== What you have to do ==
Omit the pictures and return exactly the stretch of the material below from the line with "Courrier conçu par" through the line with "یک مبل عروسی".

== Dataset excerpts ==
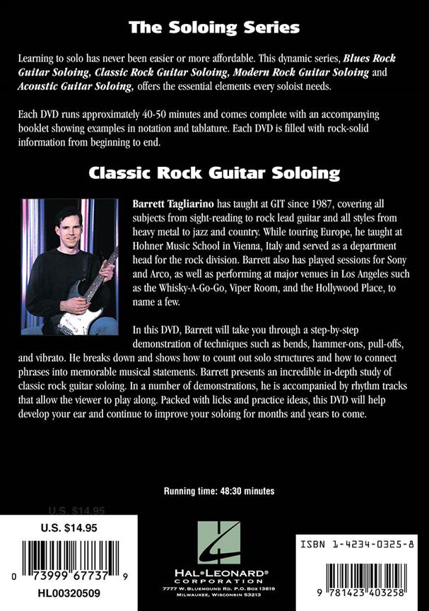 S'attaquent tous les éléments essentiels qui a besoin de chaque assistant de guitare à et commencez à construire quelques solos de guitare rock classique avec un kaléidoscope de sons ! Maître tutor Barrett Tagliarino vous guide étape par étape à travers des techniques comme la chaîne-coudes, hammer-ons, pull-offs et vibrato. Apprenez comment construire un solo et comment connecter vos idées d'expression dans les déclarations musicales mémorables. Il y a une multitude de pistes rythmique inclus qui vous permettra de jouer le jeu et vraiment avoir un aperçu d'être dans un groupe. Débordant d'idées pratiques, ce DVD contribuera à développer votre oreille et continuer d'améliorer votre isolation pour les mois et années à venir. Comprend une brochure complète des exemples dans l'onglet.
==
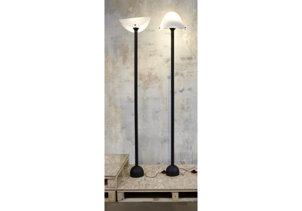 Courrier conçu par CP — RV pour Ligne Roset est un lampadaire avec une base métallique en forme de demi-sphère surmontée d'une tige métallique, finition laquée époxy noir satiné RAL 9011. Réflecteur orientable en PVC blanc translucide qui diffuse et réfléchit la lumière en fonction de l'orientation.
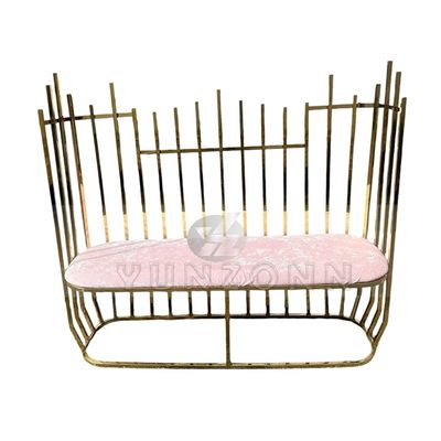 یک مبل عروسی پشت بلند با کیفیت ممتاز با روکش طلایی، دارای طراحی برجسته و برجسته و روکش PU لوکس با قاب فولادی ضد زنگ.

== Output ==
 Courrier conçu par CP — RV pour Ligne Roset est un lampadaire avec une base métallique en forme de demi-sphère surmontée d'une tige métallique, finition laquée époxy noir satiné RAL 9011. Réflecteur orientable en PVC blanc translucide qui diffuse et réfléchit la lumière en fonction de l'orientation.
 یک مبل عروسی پشت بلند با کیفیت ممتاز با روکش طلایی، دارای طراحی برجسته و برجسته و روکش PU لوکس با قاب فولادی ضد زنگ.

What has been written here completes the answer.